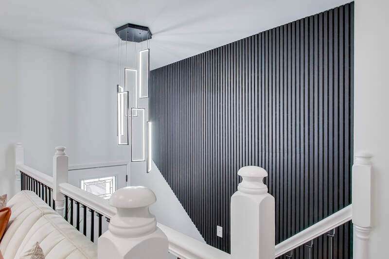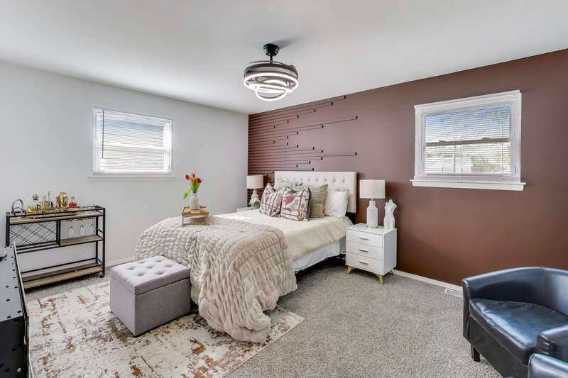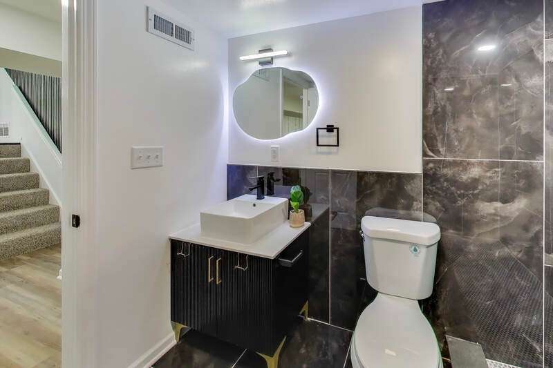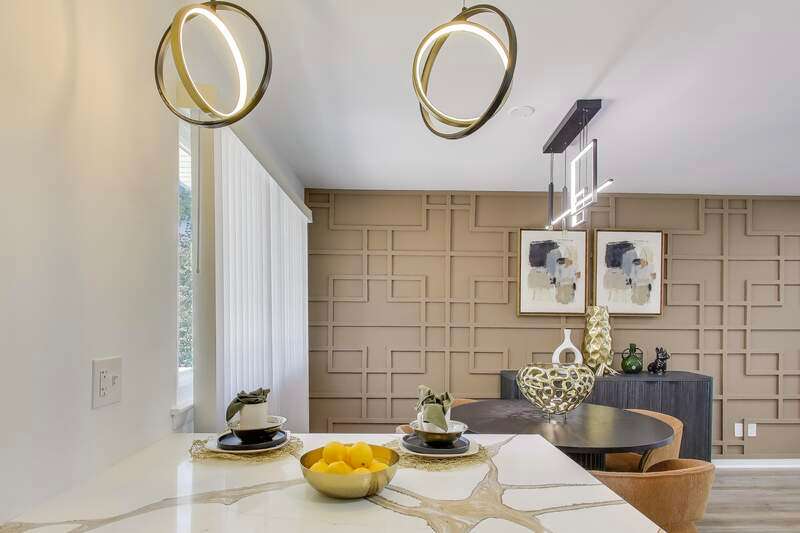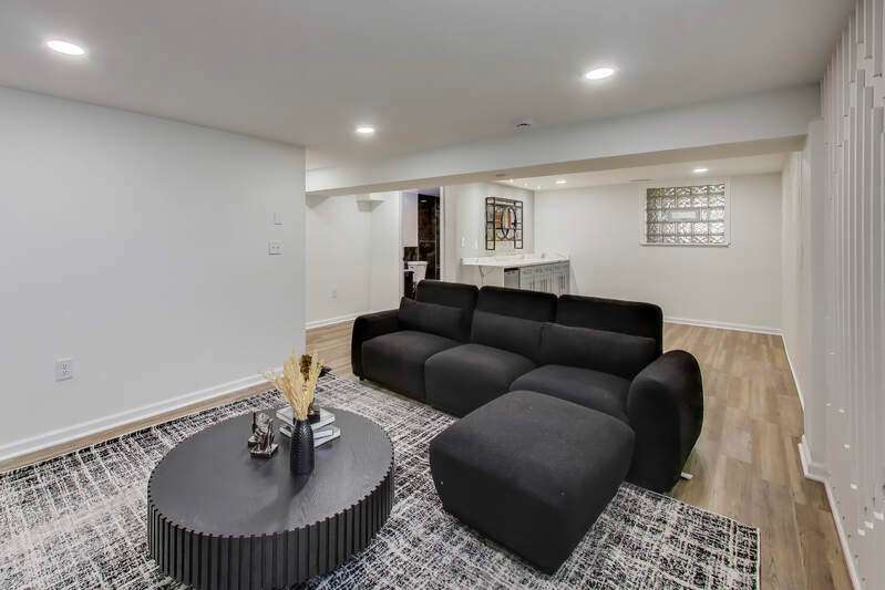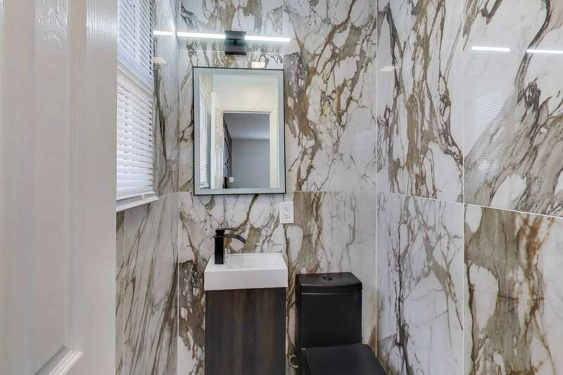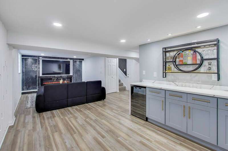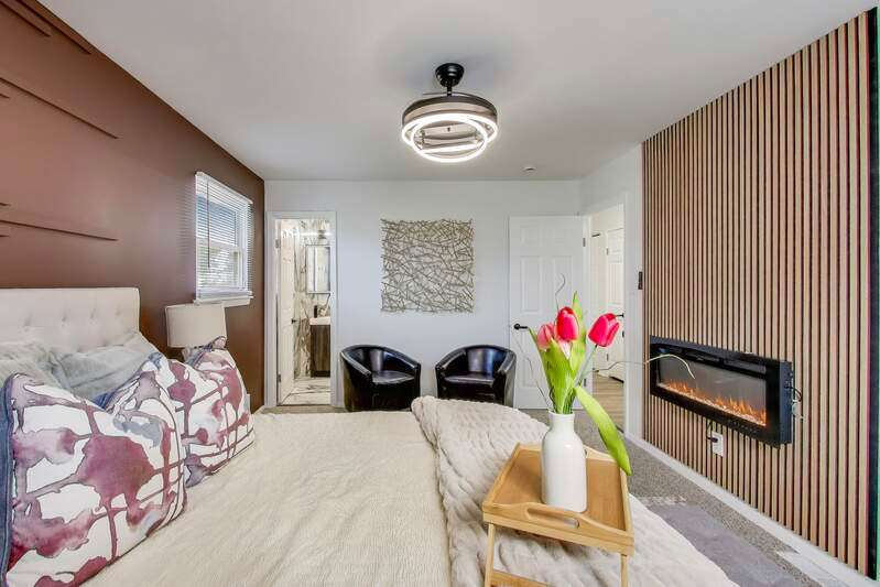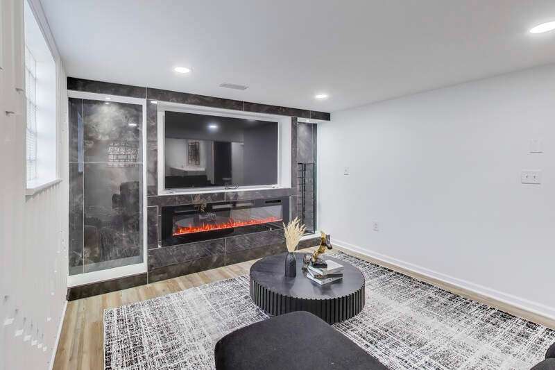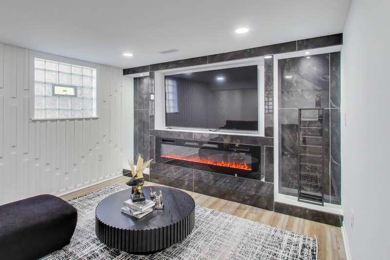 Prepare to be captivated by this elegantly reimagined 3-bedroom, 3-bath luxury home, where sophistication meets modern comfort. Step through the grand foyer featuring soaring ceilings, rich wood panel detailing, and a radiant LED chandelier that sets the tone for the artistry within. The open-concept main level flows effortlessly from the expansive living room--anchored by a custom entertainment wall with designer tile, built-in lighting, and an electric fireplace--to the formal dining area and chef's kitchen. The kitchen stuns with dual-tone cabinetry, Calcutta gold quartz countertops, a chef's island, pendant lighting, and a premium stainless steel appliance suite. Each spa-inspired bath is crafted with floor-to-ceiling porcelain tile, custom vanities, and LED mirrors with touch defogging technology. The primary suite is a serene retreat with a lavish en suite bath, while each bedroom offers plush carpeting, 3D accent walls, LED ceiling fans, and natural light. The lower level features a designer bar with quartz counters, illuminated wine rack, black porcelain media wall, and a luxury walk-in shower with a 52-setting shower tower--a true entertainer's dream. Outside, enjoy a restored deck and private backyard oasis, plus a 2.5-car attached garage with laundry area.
...
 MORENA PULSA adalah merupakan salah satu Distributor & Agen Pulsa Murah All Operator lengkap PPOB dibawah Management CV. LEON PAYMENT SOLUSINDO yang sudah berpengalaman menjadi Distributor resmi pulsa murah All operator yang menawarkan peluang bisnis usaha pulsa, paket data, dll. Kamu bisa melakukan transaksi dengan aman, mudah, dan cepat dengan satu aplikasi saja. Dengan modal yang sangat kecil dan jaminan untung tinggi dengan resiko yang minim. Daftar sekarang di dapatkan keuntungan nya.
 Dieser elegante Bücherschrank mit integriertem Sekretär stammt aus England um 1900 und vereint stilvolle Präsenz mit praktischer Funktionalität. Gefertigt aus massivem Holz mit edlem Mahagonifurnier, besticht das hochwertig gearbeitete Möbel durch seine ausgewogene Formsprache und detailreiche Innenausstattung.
---
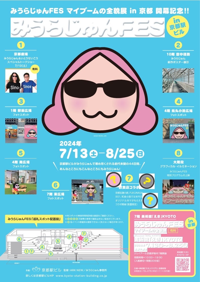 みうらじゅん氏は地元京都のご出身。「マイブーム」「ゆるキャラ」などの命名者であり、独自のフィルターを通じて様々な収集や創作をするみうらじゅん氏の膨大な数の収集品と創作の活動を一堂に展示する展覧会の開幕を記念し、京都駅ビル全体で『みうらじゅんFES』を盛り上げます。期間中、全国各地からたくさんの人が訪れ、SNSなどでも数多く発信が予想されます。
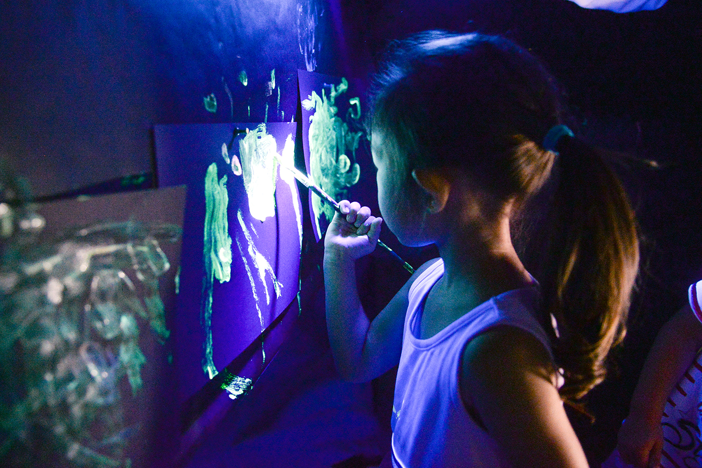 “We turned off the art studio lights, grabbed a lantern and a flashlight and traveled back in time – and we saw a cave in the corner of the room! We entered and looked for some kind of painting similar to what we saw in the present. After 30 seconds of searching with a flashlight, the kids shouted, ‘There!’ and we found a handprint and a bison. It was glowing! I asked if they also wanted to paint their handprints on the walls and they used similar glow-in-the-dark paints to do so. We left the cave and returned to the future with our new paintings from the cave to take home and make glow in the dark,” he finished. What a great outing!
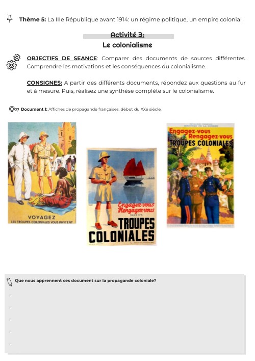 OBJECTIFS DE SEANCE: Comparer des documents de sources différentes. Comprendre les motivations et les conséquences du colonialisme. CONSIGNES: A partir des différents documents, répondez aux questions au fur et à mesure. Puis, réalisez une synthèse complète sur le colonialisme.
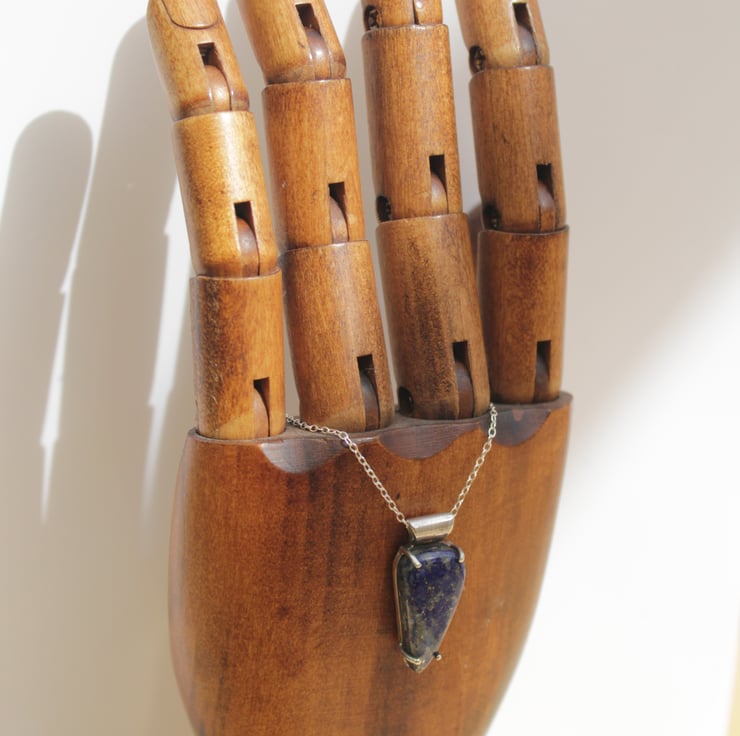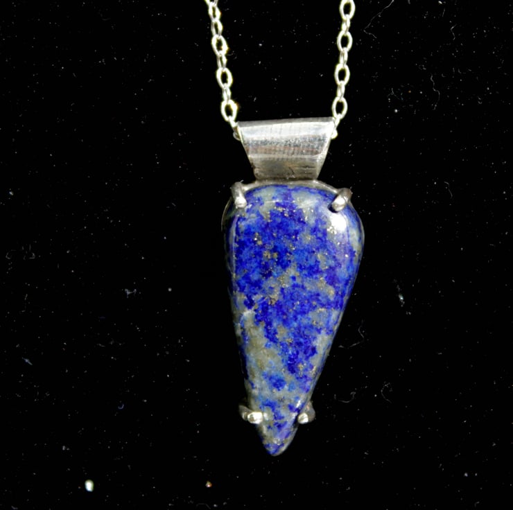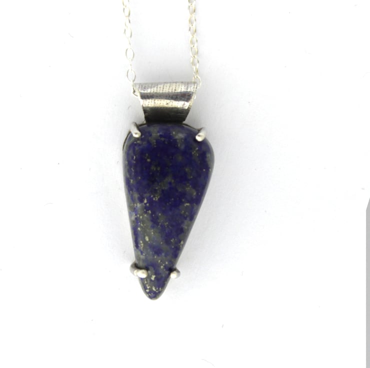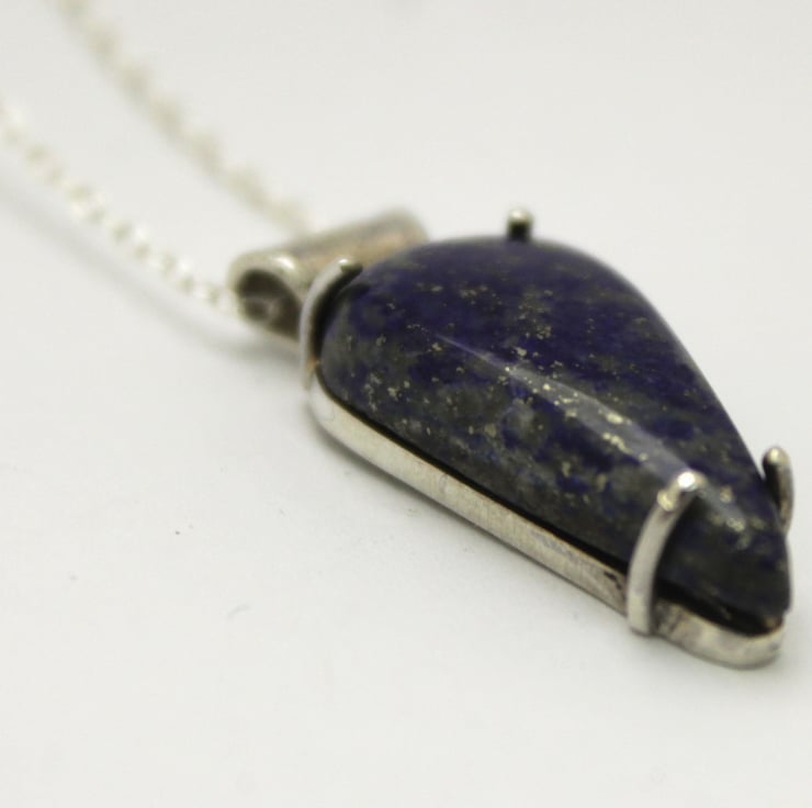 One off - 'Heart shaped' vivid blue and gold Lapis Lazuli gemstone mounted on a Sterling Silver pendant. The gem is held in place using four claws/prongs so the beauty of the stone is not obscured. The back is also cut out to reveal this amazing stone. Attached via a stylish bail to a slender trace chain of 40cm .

ACTIVITY
Retype, exactly and with no pictures, everything above from the line with "OBJECTIFS DE SEANCE: Comparer" down to the line with "One off - 'Heart", both included.

RESULT FOR THIS EXERCISE
 OBJECTIFS DE SEANCE: Comparer des documents de sources différentes. Comprendre les motivations et les conséquences du colonialisme. CONSIGNES: A partir des différents documents, répondez aux questions au fur et à mesure. Puis, réalisez une synthèse complète sur le colonialisme.
 One off - 'Heart shaped' vivid blue and gold Lapis Lazuli gemstone mounted on a Sterling Silver pendant. The gem is held in place using four claws/prongs so the beauty of the stone is not obscured. The back is also cut out to reveal this amazing stone. Attached via a stylish bail to a slender trace chain of 40cm .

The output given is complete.